-- What is required --
In the entries that follow, the line with "ДЗЕРКАЛО КОРИЧНЕВЕ ЧОРНЕ" opens the range and the line with "國(guó)家碳達(dá)峰" closes it; repeat that range exactly, both lines included.

-- Data in this exercise --
[Start of section]

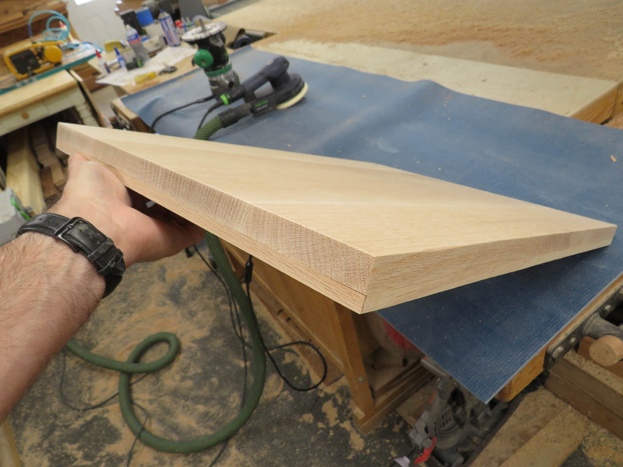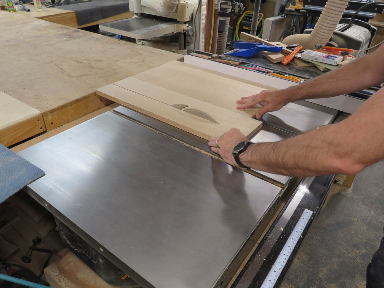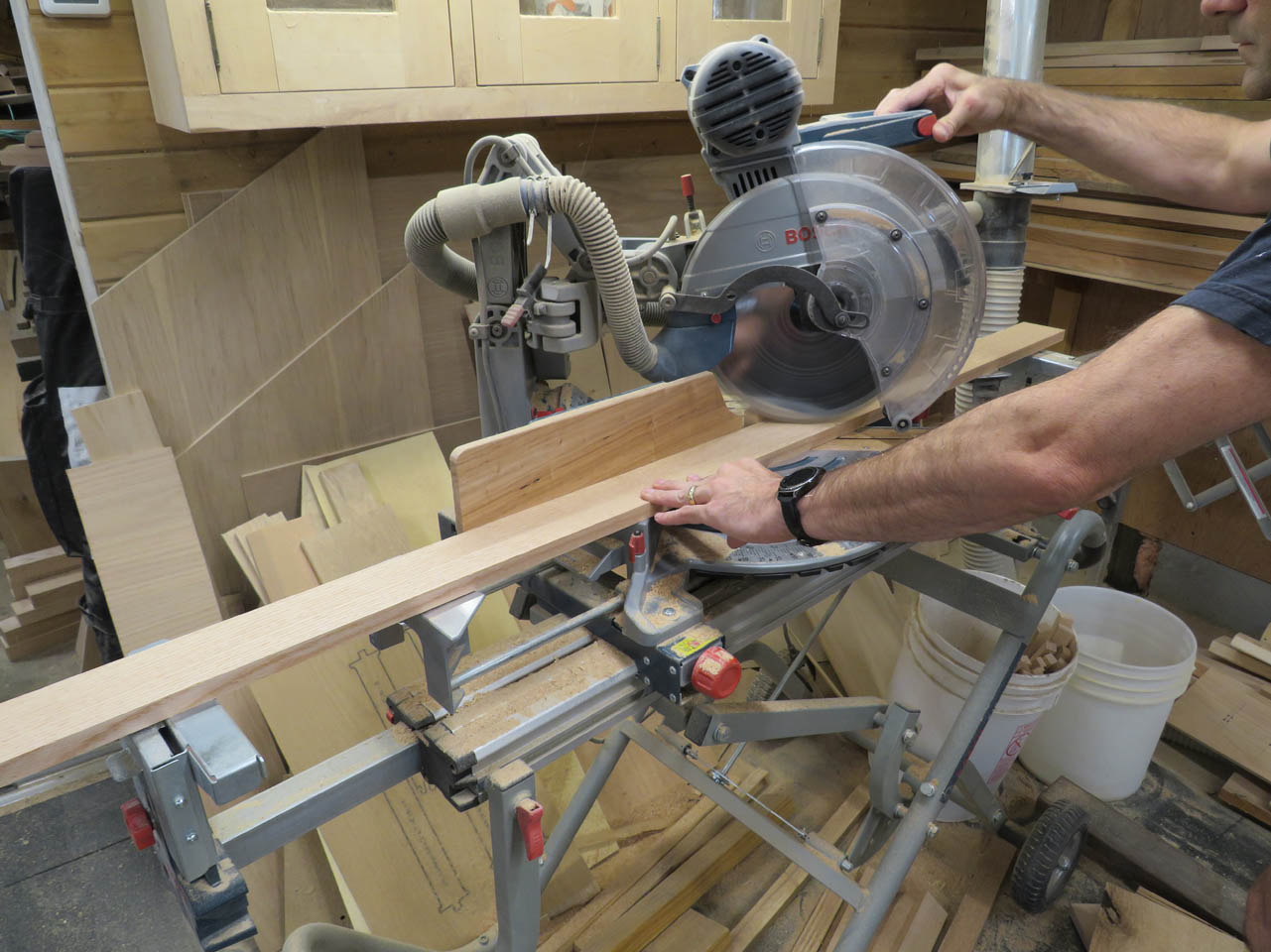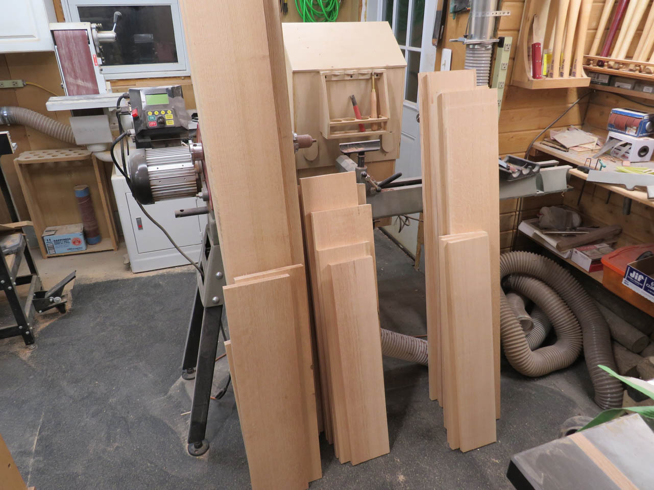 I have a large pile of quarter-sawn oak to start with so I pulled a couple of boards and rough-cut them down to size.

[End of section]
[Start of section]

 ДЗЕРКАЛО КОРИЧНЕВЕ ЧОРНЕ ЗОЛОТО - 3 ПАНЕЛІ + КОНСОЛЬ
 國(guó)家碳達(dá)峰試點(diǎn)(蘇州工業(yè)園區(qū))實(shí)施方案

[End of section]

-- The completed task --
 ДЗЕРКАЛО КОРИЧНЕВЕ ЧОРНЕ ЗОЛОТО - 3 ПАНЕЛІ + КОНСОЛЬ
 國(guó)家碳達(dá)峰試點(diǎn)(蘇州工業(yè)園區(qū))實(shí)施方案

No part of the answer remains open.